Erna Raid - Recent Official Russian Accusations of Glorifying Nazism

Recent Official Russian Accusations of Glorifying Nazism

See also: Erna long-range recce group#Soviet historiography

Since the competition's initiation, sectors of the Russian media claimed the competition's namesake was an attempt to glorify collaboration with the Nazi Germany. In 2007, high-ranking government officials sharply criticized the competition, generally calling it "glamorization of Nazism" and expressing outrage over NATO members participating in the competition.
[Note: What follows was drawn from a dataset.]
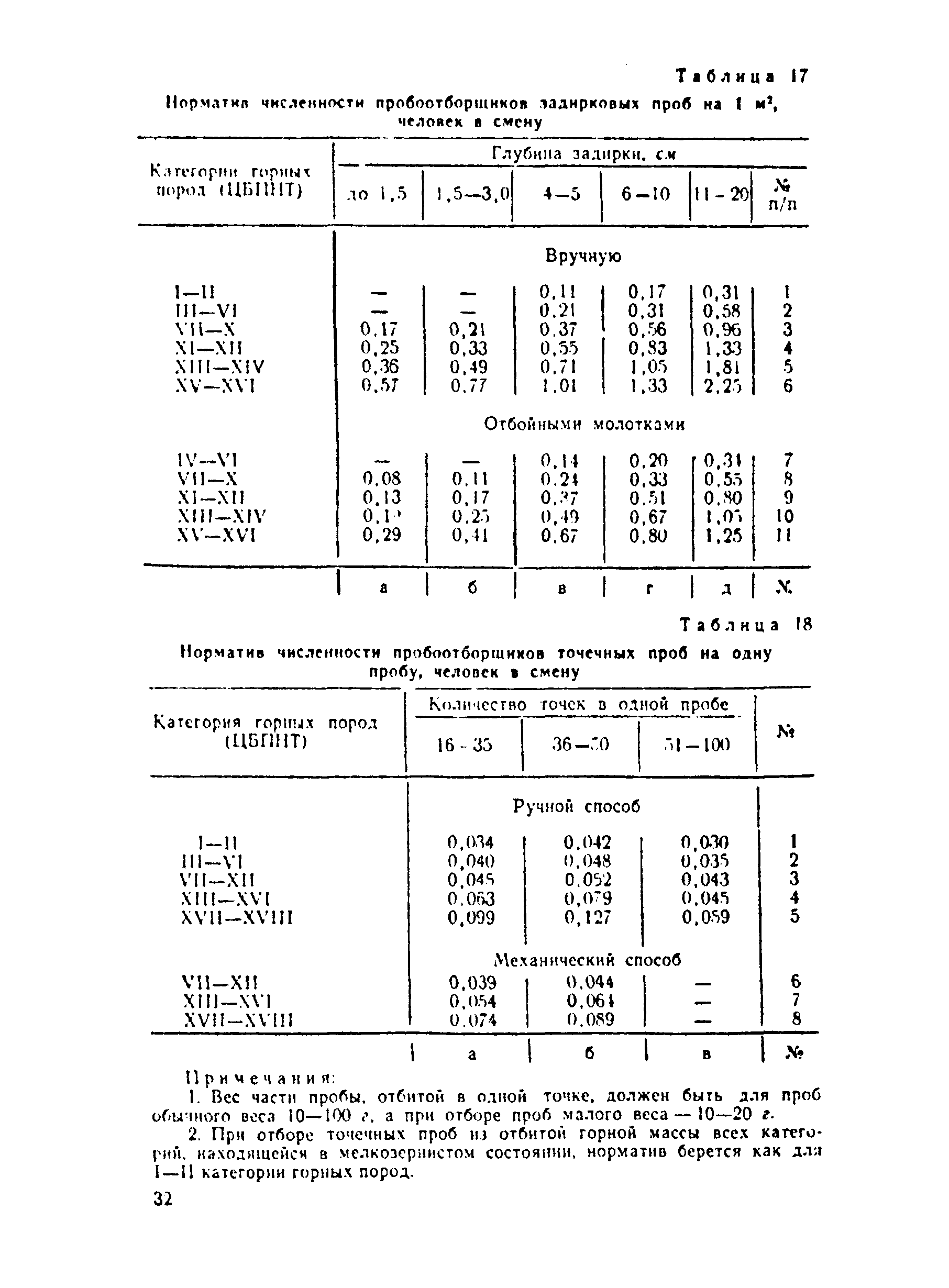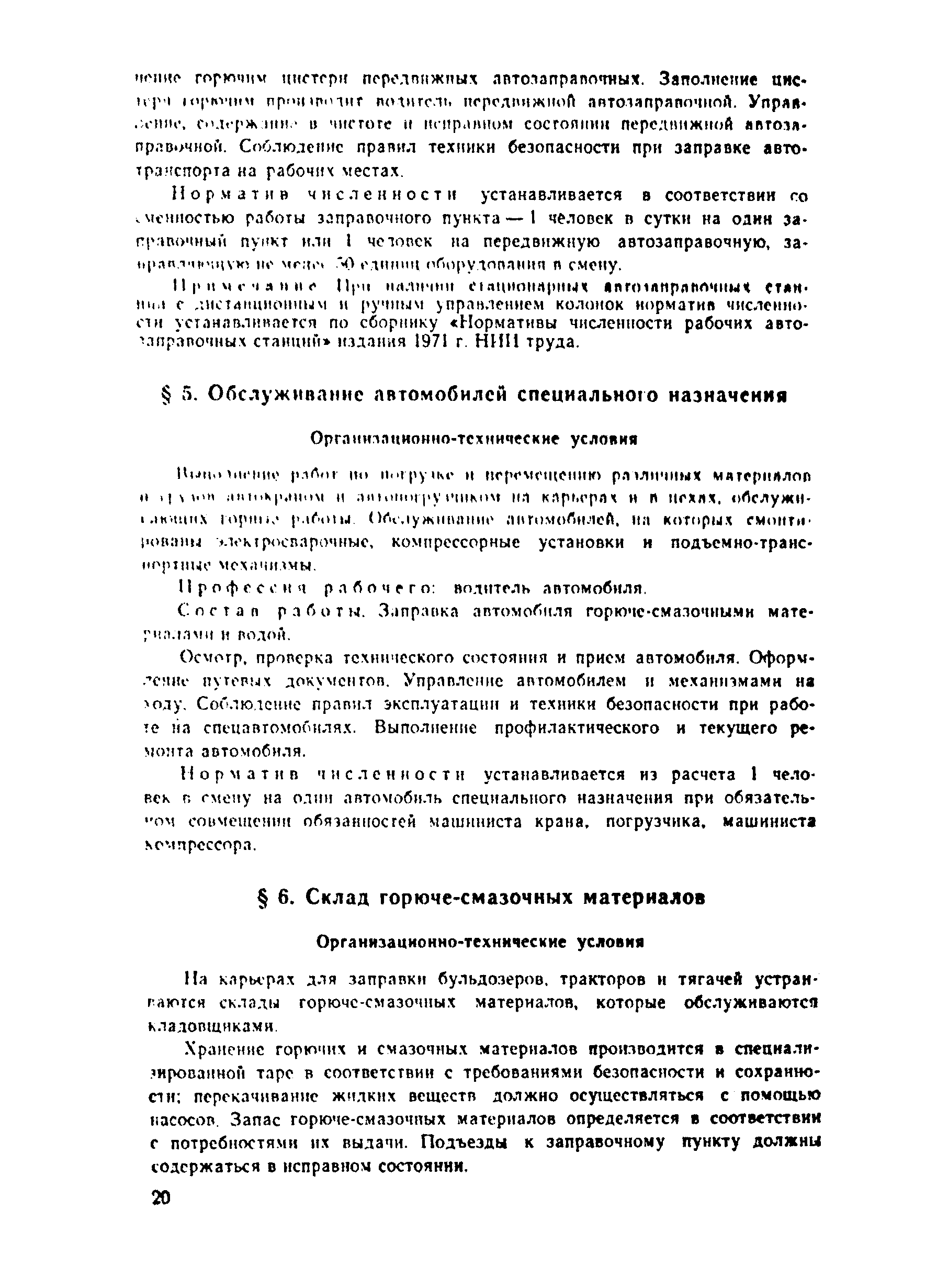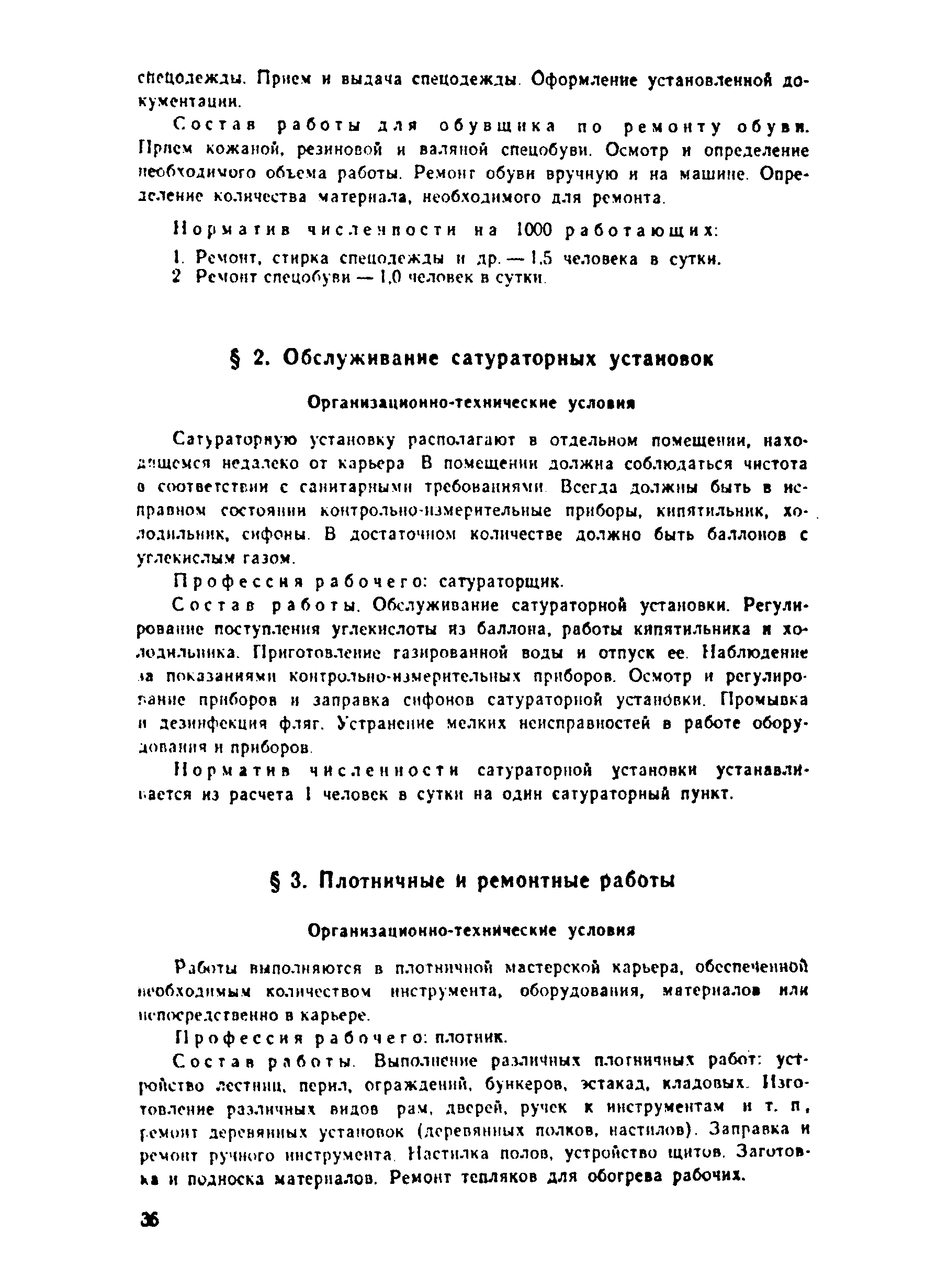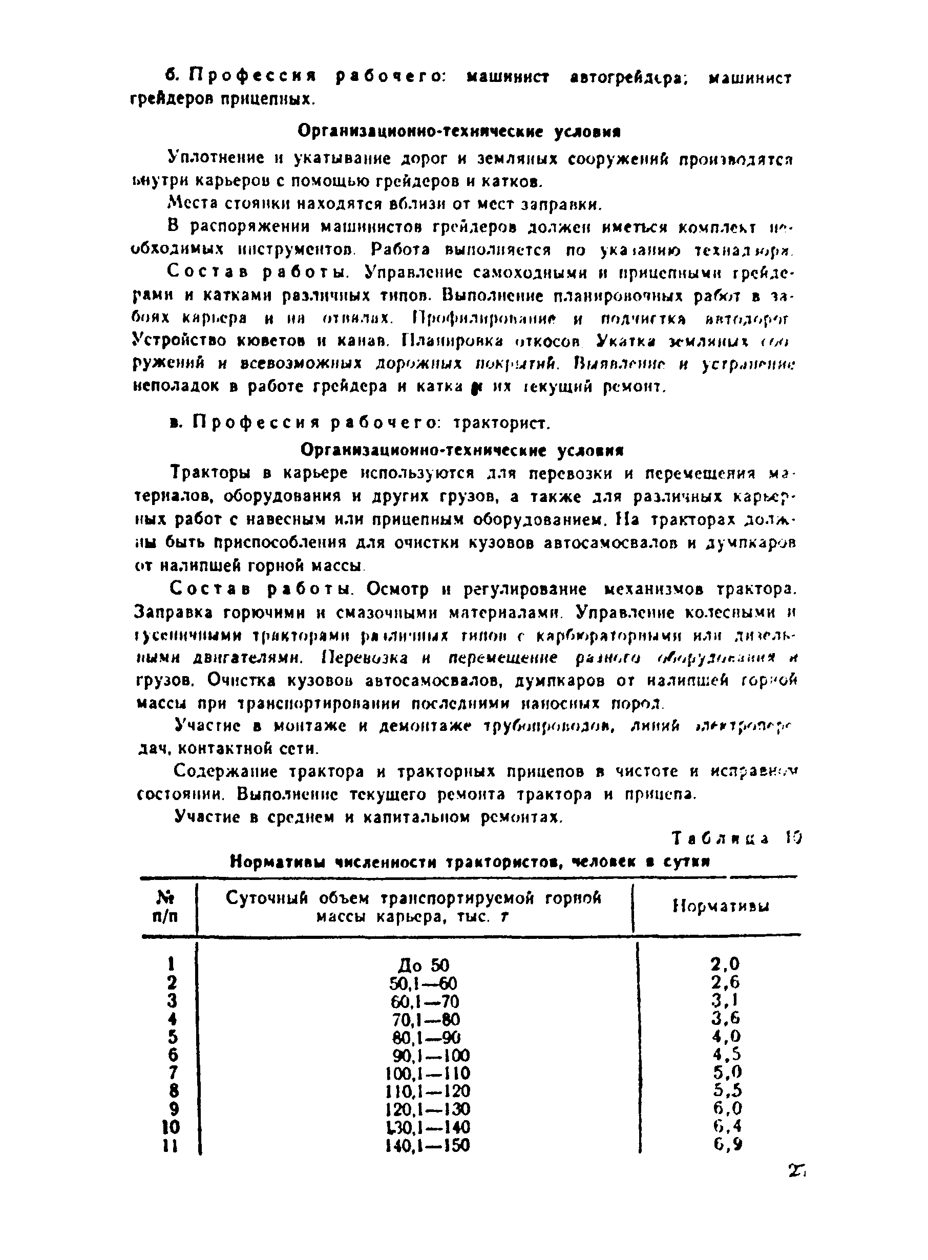 Нормативы численности вспомогательных рабочих на открытых горных работах предприятий горнодобывающей промышленности| Статус: | справочные материалы, мп, тпр | | Название рус.: | Нормативы численности вспомогательных рабочих на открытых горных работах предприятий горнодобывающей промышленности | | Дата добавления в базу: | 01.02.2020 | | Дата актуализации: | 01.01.2021 | | Область применения: | Нормативы численности рекомендованы для применения на открытых горных работах предприятий горнодобывающей промышленности. | | Оглавление: | Общая часть Организация труда Нормативная часть Глава I. Обслуживание электротехнического хозяйства горных участков Глава II. Управление машинами и механизмами Глава III. Работы, связанные с транспортными средствами Глава IV. Содержание подъездов, дорог для автосамосвалов и создание условий безопасной работы в карьере Глава V. Маркшейдерская служба Глава VI. Учет и контроль качества продукции Глава VII. Обслуживание и производство взрывных работ Глава VIII. Работы по хозяйственному обслуживанию карьеров и прочие работы | | Разработан: | ГИГХС ЦБПНП

Estonian officials attribute this recent development to the ongoing campaign for Russian presidential election, 2008. Russian officials claim that commemoration of the Erna group today is part of alleged efforts by the Estonian authorities to glorify Nazi past (other parts of it being relocation of a memorial to Red Army invaders and an official greeting from the Minister of Defence to veterans of a unit of Estonians conscripted to a division organized within the Waffen SS to defend Estonia).

Analyst of the US based think tank Jamestown Foundation believes this view follows Soviet and post-Soviet Russia's official logic on two counts: first, that resistance to the Red Army was inherently illegitimate and conflatable with "fascism" in an occupied country or one targeted for occupation; second, that Estonia should be criticized for remembering an act of national resistance and its casualties.

Estonia's Minister of Defence, Jaak Aaviksoo called the accusations "regrettable" and recalled that the Erna group saved the lives of many civilians from the vengeful Soviet paramilitary units, and specifically pointed out cases of burning farmers alive along with their farms in Kautla.